▸ WHAT TO WORK ON: Repeat verbatim, and only, the lines of the data below, beginning at the line that contains "Mateus Oval Tallerken" and stopping after the line that contains "SW-80押しスイッチ AC125V・6A (AC250V・3A)".

(Items listed in a dataset)
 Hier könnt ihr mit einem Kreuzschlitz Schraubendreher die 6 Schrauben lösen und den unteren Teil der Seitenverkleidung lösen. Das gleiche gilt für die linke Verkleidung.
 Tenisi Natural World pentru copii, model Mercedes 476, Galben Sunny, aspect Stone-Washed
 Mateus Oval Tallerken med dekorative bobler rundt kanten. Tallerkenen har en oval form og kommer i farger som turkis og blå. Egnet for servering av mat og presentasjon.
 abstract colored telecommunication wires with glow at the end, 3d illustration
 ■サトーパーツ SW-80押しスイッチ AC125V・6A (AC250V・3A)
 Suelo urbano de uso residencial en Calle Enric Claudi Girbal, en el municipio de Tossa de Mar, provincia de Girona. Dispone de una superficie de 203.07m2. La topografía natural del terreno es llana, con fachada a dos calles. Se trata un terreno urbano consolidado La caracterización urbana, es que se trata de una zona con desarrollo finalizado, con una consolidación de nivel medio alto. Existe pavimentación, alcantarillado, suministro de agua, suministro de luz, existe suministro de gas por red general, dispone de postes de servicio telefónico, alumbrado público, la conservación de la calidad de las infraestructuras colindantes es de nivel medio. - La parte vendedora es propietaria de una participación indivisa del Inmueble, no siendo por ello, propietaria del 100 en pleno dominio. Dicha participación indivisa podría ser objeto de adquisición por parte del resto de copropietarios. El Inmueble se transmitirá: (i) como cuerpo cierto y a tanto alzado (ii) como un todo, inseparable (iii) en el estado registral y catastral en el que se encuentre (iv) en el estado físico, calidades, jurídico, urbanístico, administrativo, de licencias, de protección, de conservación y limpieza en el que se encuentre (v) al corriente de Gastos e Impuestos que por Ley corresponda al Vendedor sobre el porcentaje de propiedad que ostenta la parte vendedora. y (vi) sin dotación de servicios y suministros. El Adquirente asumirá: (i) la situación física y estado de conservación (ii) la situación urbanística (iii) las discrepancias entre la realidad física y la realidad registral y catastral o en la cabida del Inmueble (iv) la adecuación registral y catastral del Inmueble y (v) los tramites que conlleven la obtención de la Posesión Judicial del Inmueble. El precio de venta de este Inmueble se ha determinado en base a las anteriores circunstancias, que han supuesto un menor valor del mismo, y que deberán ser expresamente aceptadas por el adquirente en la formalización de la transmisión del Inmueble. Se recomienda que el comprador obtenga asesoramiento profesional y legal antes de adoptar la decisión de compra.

* * *

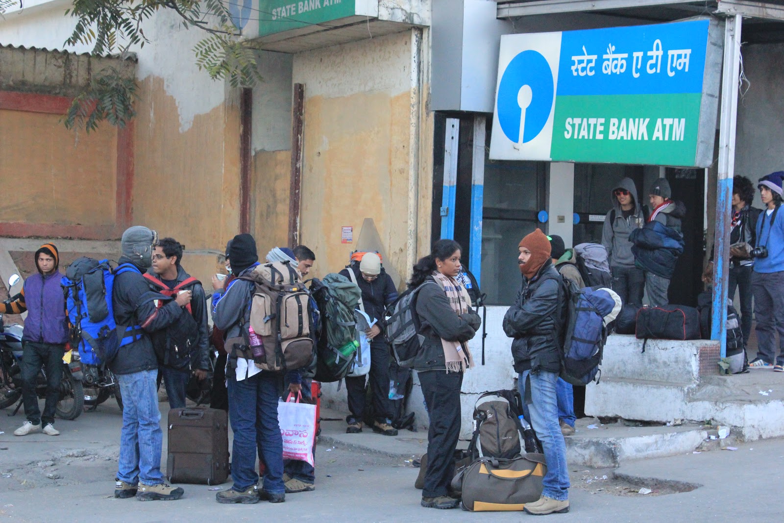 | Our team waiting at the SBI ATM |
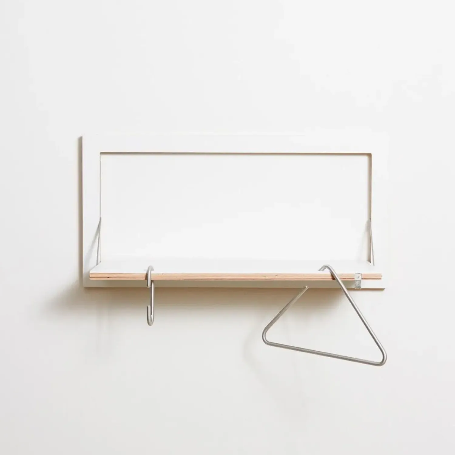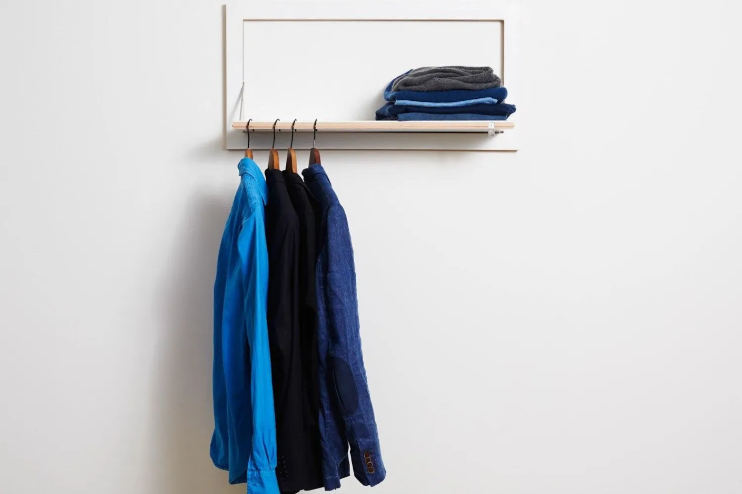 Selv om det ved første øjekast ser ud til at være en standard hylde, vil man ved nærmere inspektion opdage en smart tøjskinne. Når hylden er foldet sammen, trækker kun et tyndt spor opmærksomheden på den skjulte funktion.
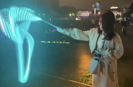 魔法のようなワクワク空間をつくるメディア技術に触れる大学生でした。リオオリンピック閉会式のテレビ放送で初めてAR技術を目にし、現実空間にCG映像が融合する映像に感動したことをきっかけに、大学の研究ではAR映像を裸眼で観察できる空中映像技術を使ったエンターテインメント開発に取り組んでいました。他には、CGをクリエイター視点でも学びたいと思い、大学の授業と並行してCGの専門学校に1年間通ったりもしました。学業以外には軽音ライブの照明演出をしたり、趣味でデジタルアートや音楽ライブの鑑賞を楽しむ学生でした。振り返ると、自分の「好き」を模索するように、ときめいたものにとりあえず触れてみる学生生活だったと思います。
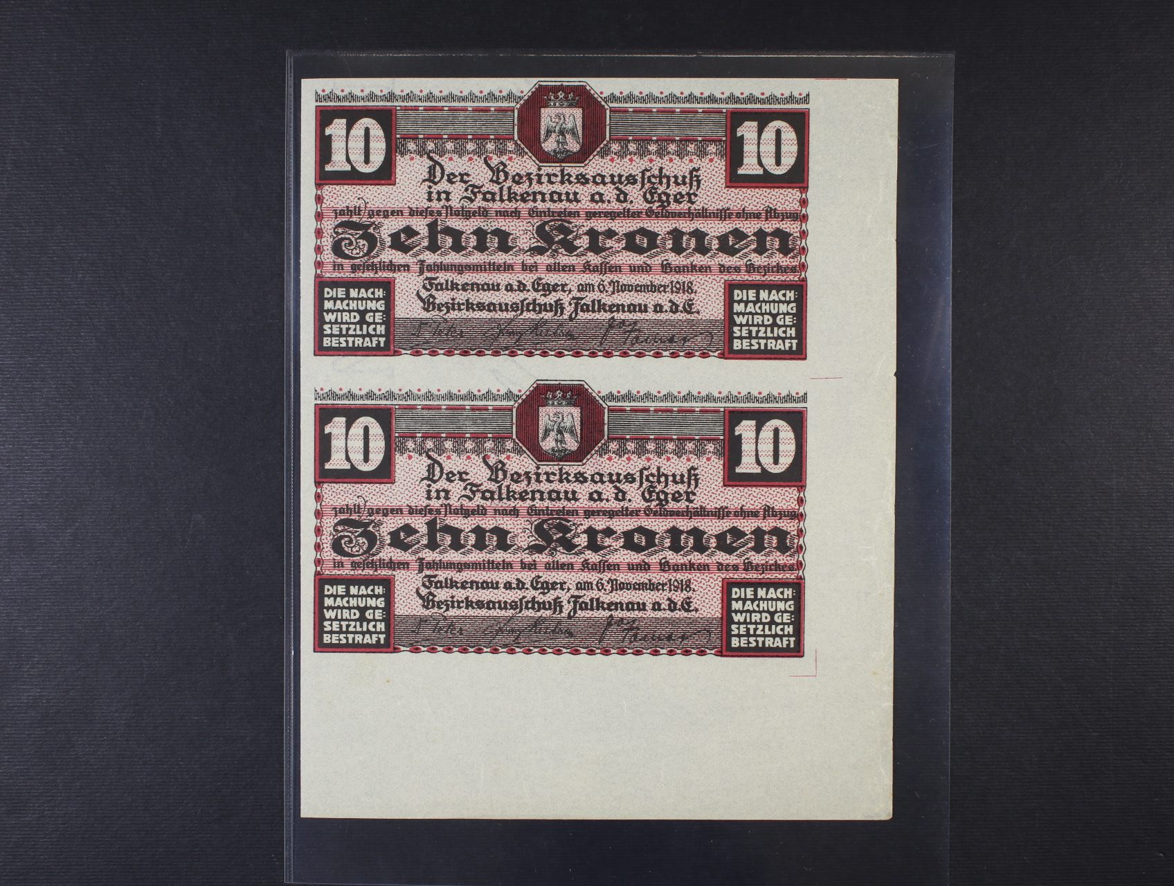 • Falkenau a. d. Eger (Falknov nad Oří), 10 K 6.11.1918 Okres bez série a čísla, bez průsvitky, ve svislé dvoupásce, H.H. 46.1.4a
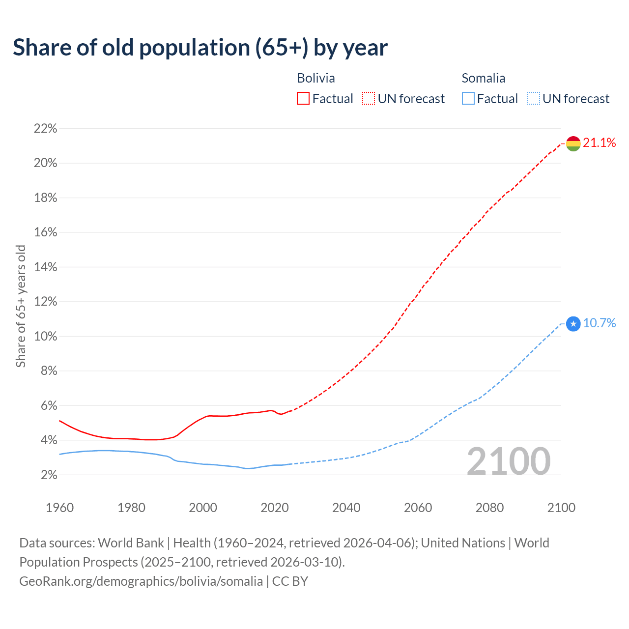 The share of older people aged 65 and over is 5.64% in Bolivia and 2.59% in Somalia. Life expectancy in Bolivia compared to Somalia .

▸ THE COMPLETED TASK:
 Mateus Oval Tallerken med dekorative bobler rundt kanten. Tallerkenen har en oval form og kommer i farger som turkis og blå. Egnet for servering av mat og presentasjon.
 abstract colored telecommunication wires with glow at the end, 3d illustration
 ■サトーパーツ SW-80押しスイッチ AC125V・6A (AC250V・3A)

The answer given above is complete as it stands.